The Floating Platform Principle#
One of the most important lessons from this work: the platform must float. It must sit on top of all the tools and cloud providers without trying to replace them. When tools release new features, you benefit automatically. When you need to swap a tool (for example, replacing GitLab with GitHub), the adapter pattern makes this possible without disrupting the platform.
The moment you abstract away or duplicate a feature from the underlying tools, your platform starts to sink. This is the single biggest architectural mistake I see in platform engineering.
Key Takeaways#
- Start with value stream mapping, not with AI. Understand your bottlenecks before reaching for technology solutions.
- AI is not always the answer.

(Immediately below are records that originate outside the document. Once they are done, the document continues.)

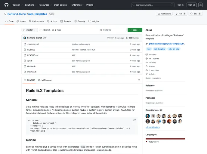 Rails 5.2 is a web application framework that provides useful files for a custom rails new template. It includes components such as a custom navbar, custom footer, HTML files for flashes and layout, YAML files for French translation, Ruby files for Pundit, controllers and seeds, Devise French views, and a JSON file for Heroku setup.
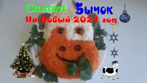 Салат Бычок/Салат на Новый 2021 год/Салат в виде Бычка/
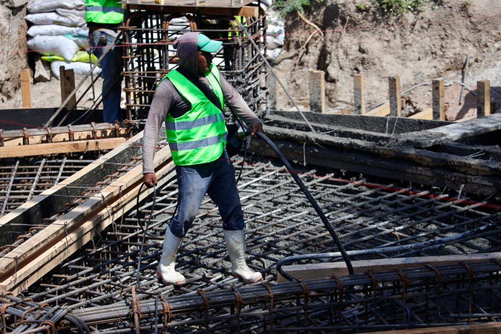 El proyecto inició desde el pasado mes de agosto con el desmantelamiento de la estructura sobrante de tanque que había en el sitio, se demolió y retiró la cimentación para proceder a la construcción de los nuevos cimientos del tanque elevado, cuya base es de concreto armado premezclado que fue colada recientemente.
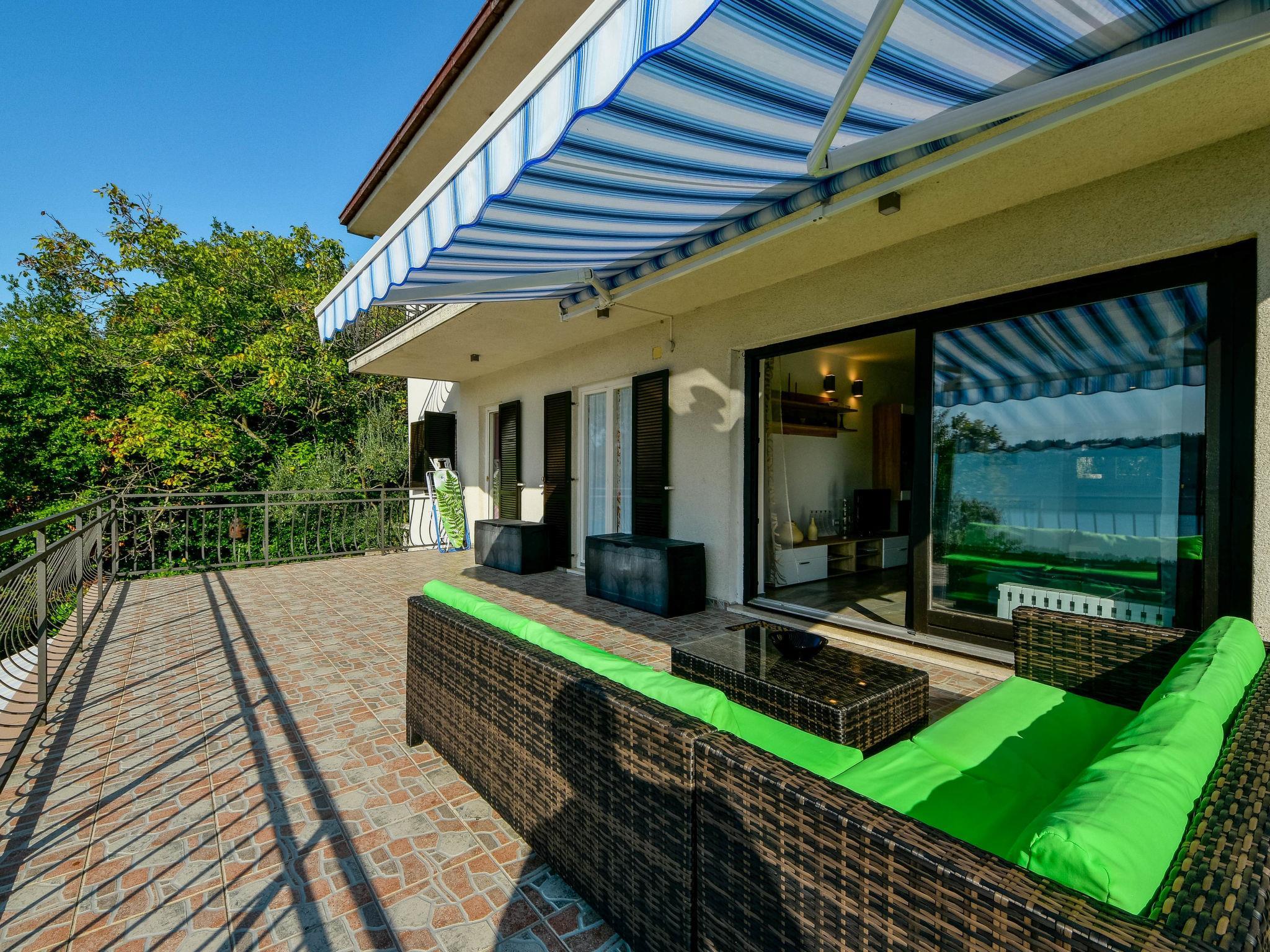 4-room apartment 90 m2 on 1st floor. Fully renovated in 2018: living/dining room 45 m2 with panoramic window with cable TV and international TV channels (flat screen), air conditioning. Exit to the balcony, to the terrace. 1 room with 1 double bed (2 x 90 cm, length 200 cm), air conditioning. Exit to the terrace. 1 room with 2 beds (90 cm, length 200 cm), air conditioning. 1 room with 1 bed (90 cm, length 200 cm). Exit to the terrace. Open kitchen (oven, dishwasher, 4 ceramic glass hob hotplates, microwave, freezer, electric coffee machine). Shower/bidet/WC, sep. WC. Forced-air heating (extra). Small balcony, large terrace 40 m2 partly roofed. Terrace furniture. View of the sea. Facilities: hair dryer. Internet (WiFi, free). Please note: maximum 1 pet/ dog allowed. Private entrance. 335-03/24-01/409
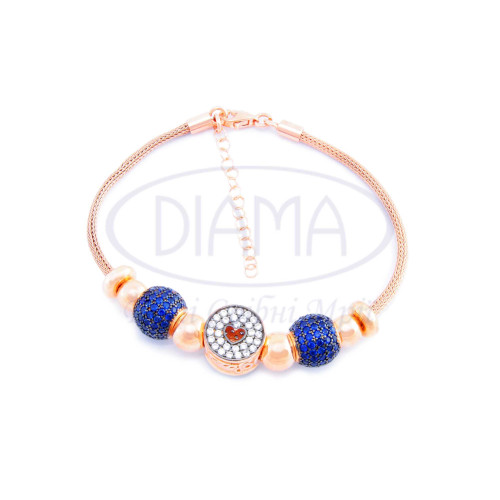 Браслет срібний з білим та синім цирконом. Срібло 925 проби, покрите червоною позолотою. Комбінація додаткових "шармів" може відрізнятися від фото.
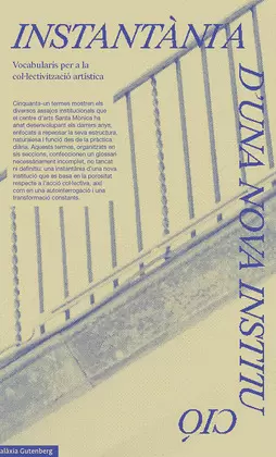Cinquanta-un termes mostren els diversos assajos institucionals que el centre d'arts Santa Mònica ha anat desenvolupant els darrers anys, enfocats a repensar la seva estructura, naturalesa i funció des de la práctica diària. Aquests termes, organitzats en sis seccions, confeccionen un glossari necessàriament incomplet, no tancat ni definitiu: una instantània d'una nova institució que es basa en la porositat respecte a l'acció col·lectiva, així com en una autointerrogació i una transformació constants
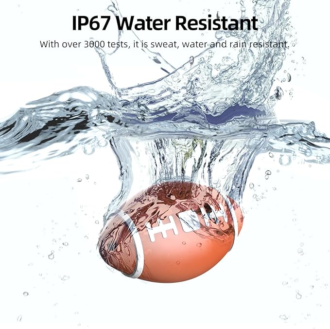 - Lightweight and Waterproof: The unique football styling gives it a smaller and lighter look, weighing just 0.3 oz. The small size comes with a key ring suitable for all kinds of dog collars. The dog tracker design reaches the IP67 waterproof level, so there is no need to worry about the dog playing on rainy days or by the water. The lightweight design makes your dog more comfortable outdoor activities.
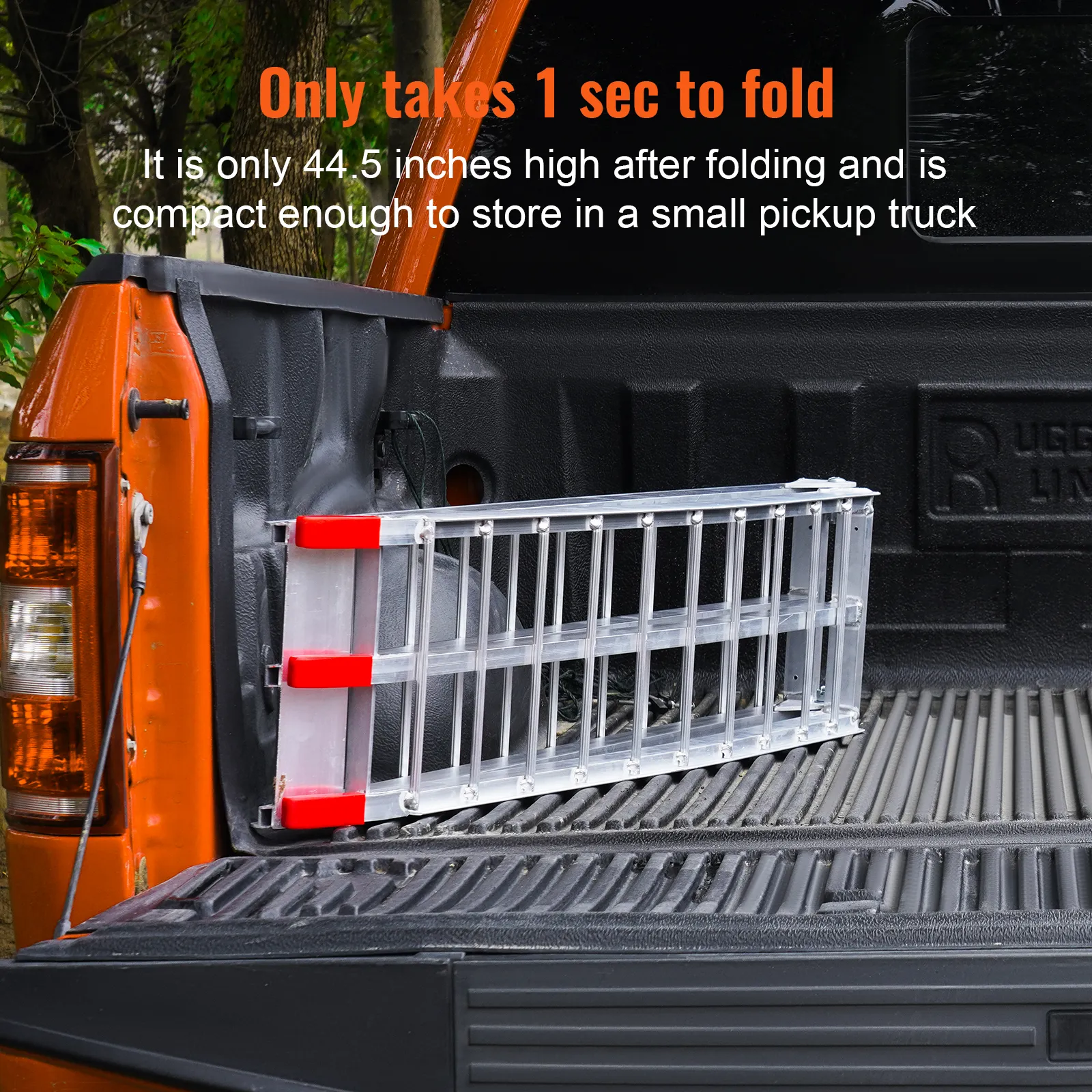 These ramps have a compact and foldable design, which makes them easy to store and transport. When folded, they measure only 44.5 inches long. The compact size allows them to fit easily in small spaces. You can transport them in your truck or trailer without taking up much room. Because the ramps are lightweight, it's easy for you to move and set them up. They’re perfect for those who frequently need to move their ramps. Quickly and easily set them up for use, then fold them back up as storage.
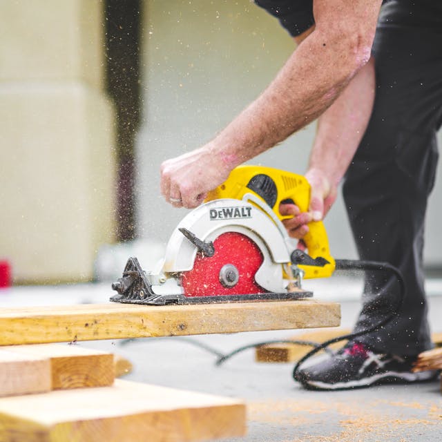 - Kreissäge auf festem und ebenem Untergrund aufstellen
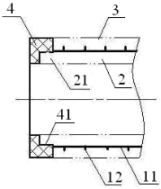 如圖1所示,基于該背景技術(shù),本申請的申請人提出了一種新型的鋼骨架塑料復(fù)合管,其權(quán)利要求1的技術(shù)方案為:一種鋼骨架塑料復(fù)合管,包括經(jīng)線(11)和緯線(12)組合而成的鋼絲網(wǎng)(1),所述鋼絲網(wǎng)(1)的內(nèi)、外兩側(cè)分別設(shè)置有內(nèi)層塑料(2)和外層塑料(3),所述外層塑料(3)的端部與所述鋼絲網(wǎng)(1)的端部平齊,其特征在于,所述內(nèi)層塑料(2)具有突出于所述鋼絲網(wǎng)(1)的端部的突出部(21)。
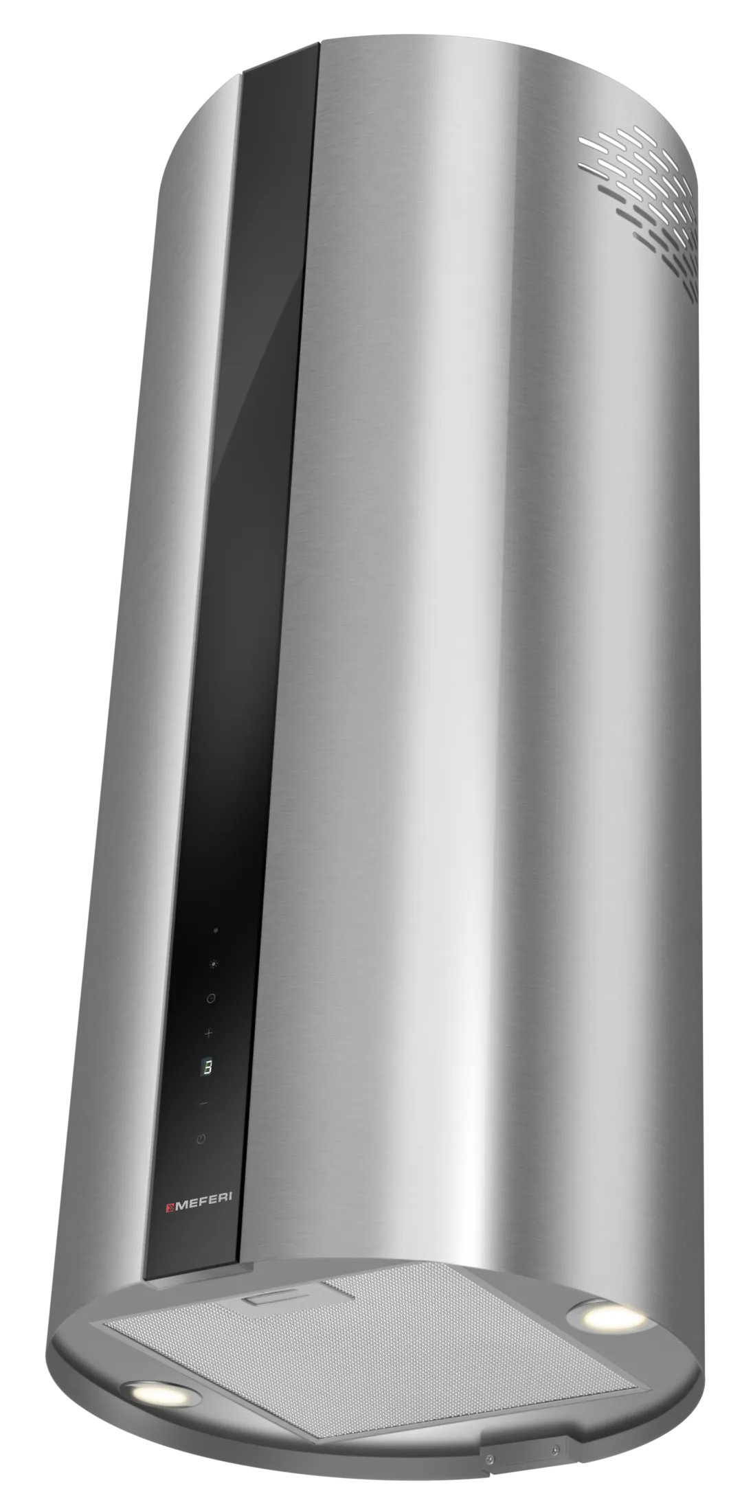 MEFERI TUBE40IX ISLA COMFORT PLUS — мощная цилиндрическая островная вытяжка с сенсорным управлением и LED освещением для кухни до 40 м²
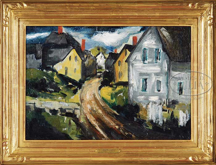 ERIC HUDSON (American, 1864-1932) “MONHEGAN VILLAGE-MAIN STREET”. Unsigned oil on canvas Monhegan street scene shows colorful buildings lining a curving road under blue and white cloud sky. Attached to back is a signed statement stating that in 1999 Greg Rollins was hired by Eric Hudson’s daughter, Jacqueline, to clean the contents of her attic. They came across this painting which was done by her father and gifted it to Greg who in turn gifted it to his father, Stephen Rollins. Signed “Stephen Rollins June 22, 2008″. Housed in a replacement carved wood frame with gilt liner having an artist plaque. SIZE: 14″ x 20”. CONDITION: Very good. 9-98724 (4,000-6,000)
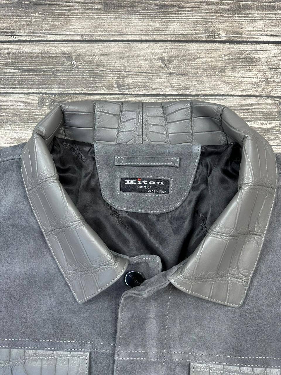Мужская куртка Kiton с эксклюзивной вставкой кожи крокодила серый цвет.
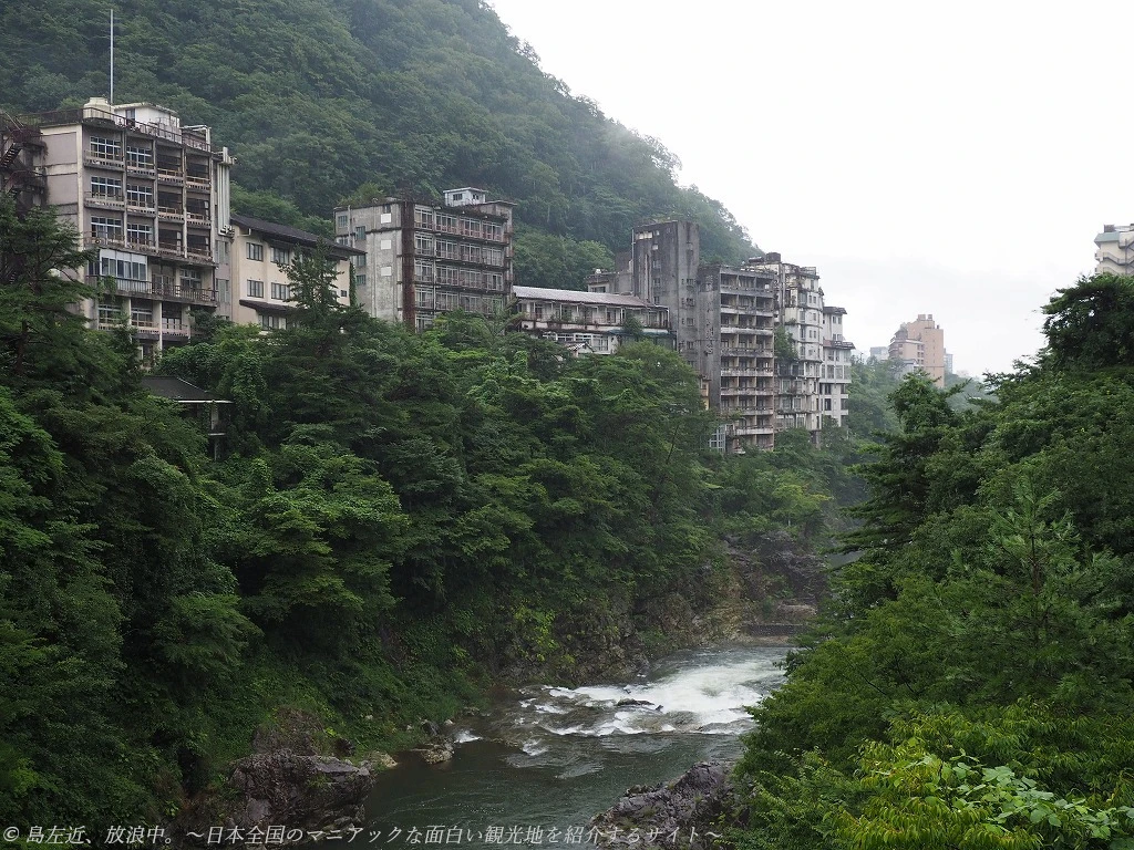 滝見橋から南側。左手には廃墟が建ち並ぶ。
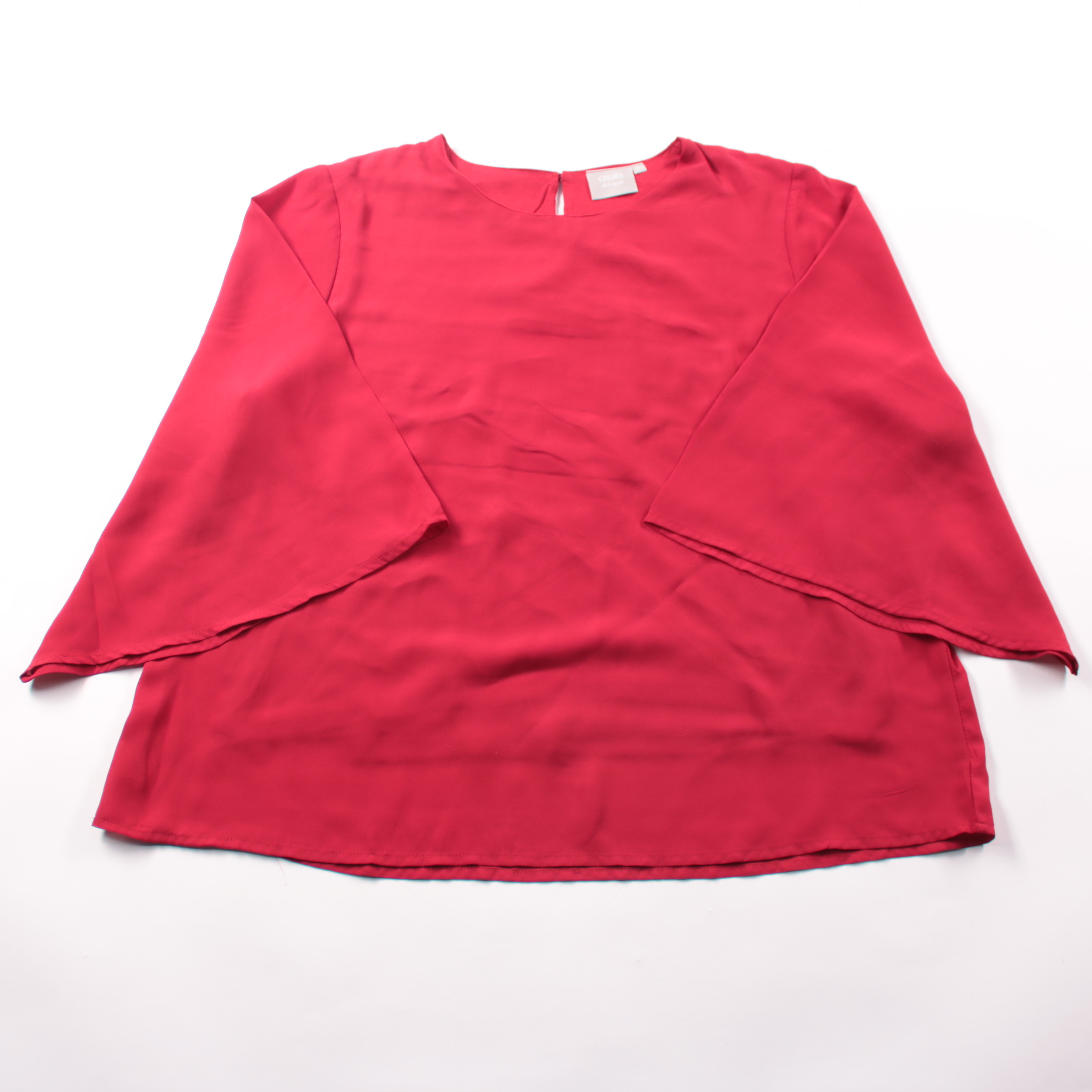 Блузка Create насыщенного красного цвета с лаконичным круглым вырезом и широкими рукавами. Подойдёт для офиса и вечерних выходов, легко сочетается с брюками и юбками. Материал почти не мнётся и быстро сохнет, поэтому удобна в уходе.

Sometimes process improvement is simpler and more effective.
- Platform engineering is the foundation for AI-augmented DevOps at scale. Without standardization, nothing scales.
- Build a floating platform. Integrate tools through adapters, never duplicate their features.
- AI is a platform capability. Provide it as a self-service to product teams so they can build their own use cases.
- Enable the business, not just engineering. The platform’s AI capabilities can power business applications like reference finders and process optimizers, not just developer tools.
We are entering the age of industrialized software development. Platform teams build the platform that enables development teams to do AI-augmented DevOps, and that also enables the business to innovate with AI.